Some guys are just impressive. J. Gary Cooper, who died at 87, is one of them. He retired from the military as a two star general and was the first Black man (or woman for that matter) to lead a marine infantry company in combat. Mind you, he didn’t do this in todays, far from perfect but more race-conscious environment. He did it in 1966. After college (Notre Dame), where he was in the ROTC, he joined the Marines. Ultimately he was sent to Vietnam and like many other Blacks, was given a support role which he found to be racist. He took the then perilous route of demanding a meeting with the commanding General and made his case. Ultimately, he was awarded a marine command, the first ever to a man of color. According to the General who gave him the command, “the best way to describe Gary is, if he could be quiet, and be effective, he was – and if he had to make noise, he would.” During his command he was shot twice receiving two Purple Hearts. After his active service (he remained in the reserves) he went back to Mobile, Alabama, where he grew up (he was born in Lafayette, Louisiana). His family owned an insurance company and funeral home (how’s that for synergy). As a kid, his father tried to send him to an all-white catholic school but the Bishop barred him. When he came home to run the family business, the local chamber of commerce refused to admit him.
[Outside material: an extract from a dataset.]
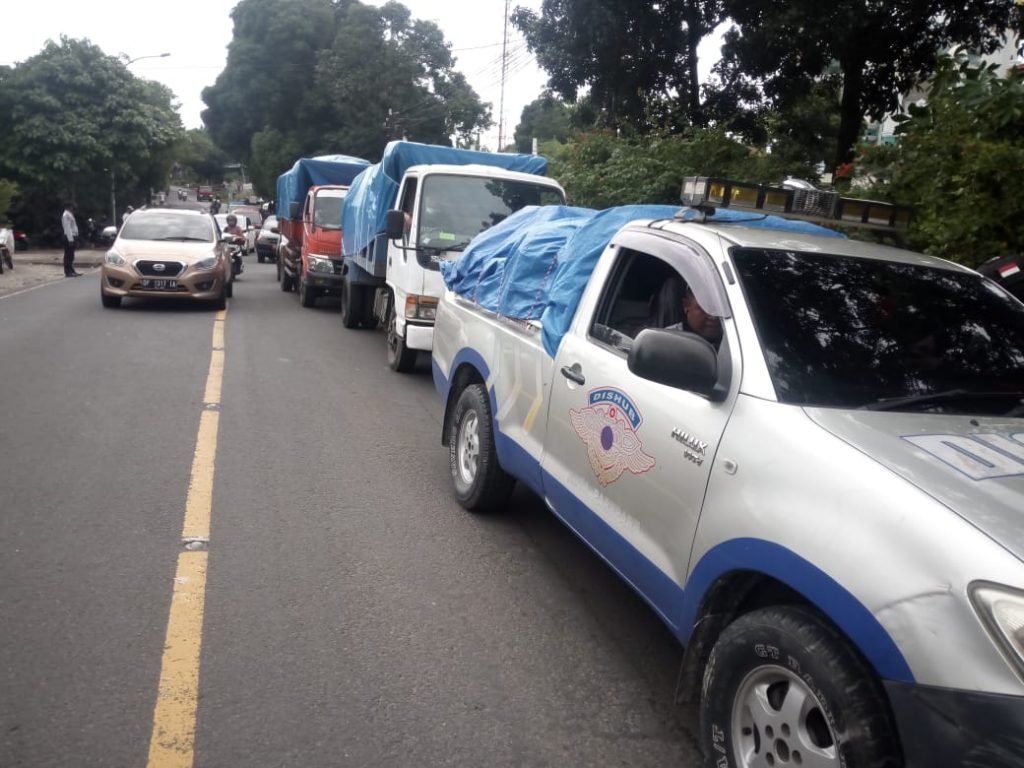 Empat truk yang mengangkut bantuan masing-masing milik Dinas PUPR, DLH, Dishub, Satpol PP.

When he went to get a marriage license, he had to sign a separate “colored register.” When he was elected to the Alabama Houe or Representatives, he blocked the bill to fund the retirement of the probate judge who kept the “colored register” until he abandoned the practice. How can you not love this guy? President Bush named him the Ambassador to Jamaica, he was the CEO of Commonwealth National Bank in Mobile and was on the Boards of PNC Financial Services, Protective Life Insurance Company, and U.S. Steel, where he would remind his fellow Board members that he was the only one of them who actually worked in a steel mill, which he did one summer during his time at Notre Dame. We need more like this guy.
Okay, put this down and get to the beach.
So where did you get your own radio to listen to when we were kids? Paper route paid for it?
Another great entry, Charlie! I really loved the information about WNEW and WPLJ, my two favorite radio stations way back when!